Councilman Jim Clarke checked in on the subject late this afternoon, and after assessing his position, Meghan Sahli-Wells remains the only Councilperson – by miles – who is remotely supportive of the rent control concept. Ms. Sahli-Wells is an enthusiastic flag-bearer for such a policy, but none of her colleagues is within hailing distance of her stance, which means that rent control remains on ice for the foreseeable future.Or until Culver City freezes over. 

“You know me,” he said at the outset. “I always try to find a middle way.

“I think it is very tragic what happened to the folks in Culver City,” he said in reference to the two apartment dwellers who died suddenly last month shortly after being informed their rents would be hiked almost 100 percent.

Mr. Clarke said he was “not unsympathetic to their situation.

“But in one of those two apartment building situations, the owners had been there a long time and rents had been low. When new owners came in, they tried to make the rents closer to fair market value.
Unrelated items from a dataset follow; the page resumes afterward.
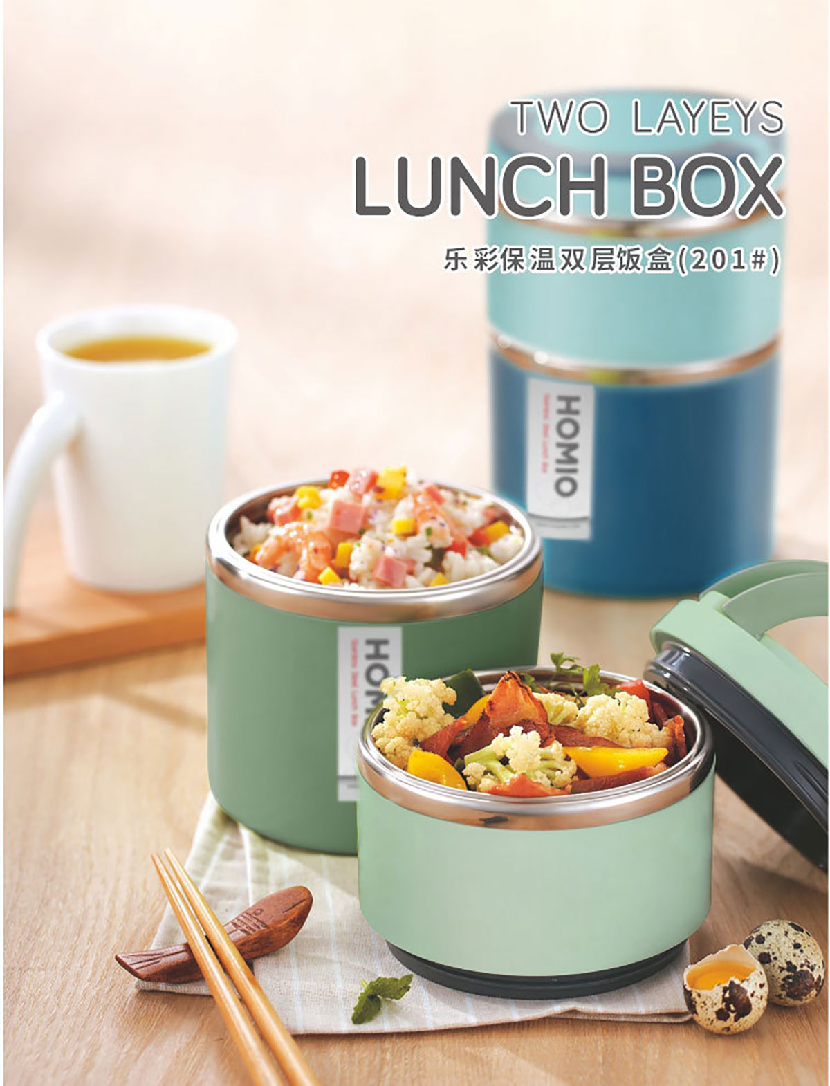 樂(lè)彩飯盒(雙層):Φ113*177mm
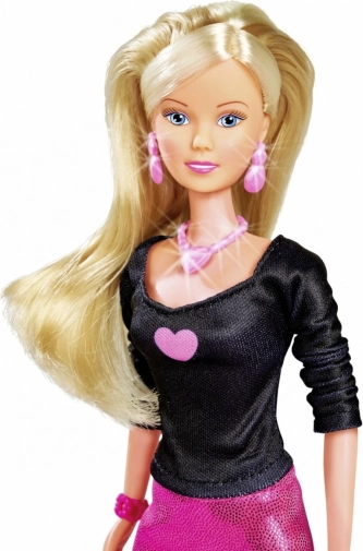 Steffi brille dans un haut noir élégant orné d’un cœur rose et une jupe rose pailletée – la combinaison parfaite pour tout défilé de mode.
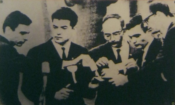 Text: Hier ist das Bild des jungen R. Laporte, 22 Jahre alt, er begoss sich mit Flugtreibstoff und verbrannte sich selbst vor dem Hauptquartier der UNO, als Protest gegen den aggressiven "US"-Krieg in Vietnam.

“My bottom line,” Mr. Clarke said, “is that I don’t support implementing rent control. However, I would put in requirements that any time a landlord either entertains an offer for purchase of the property, or a landlord tries to refinance his property, anything like that, the landlord would have to notify tenants at the outset.”

Mr. Clarke’s view does not ameliorate what rent control advocates assert is the root problem – gargantuan increases on vulnerable tenants, warning or not.

Mr. Clarke indicated he would not favor a cap on the amount rents could be increased “because it creates an artificial situation. I think our rents generally are lower than in surrounding communities.”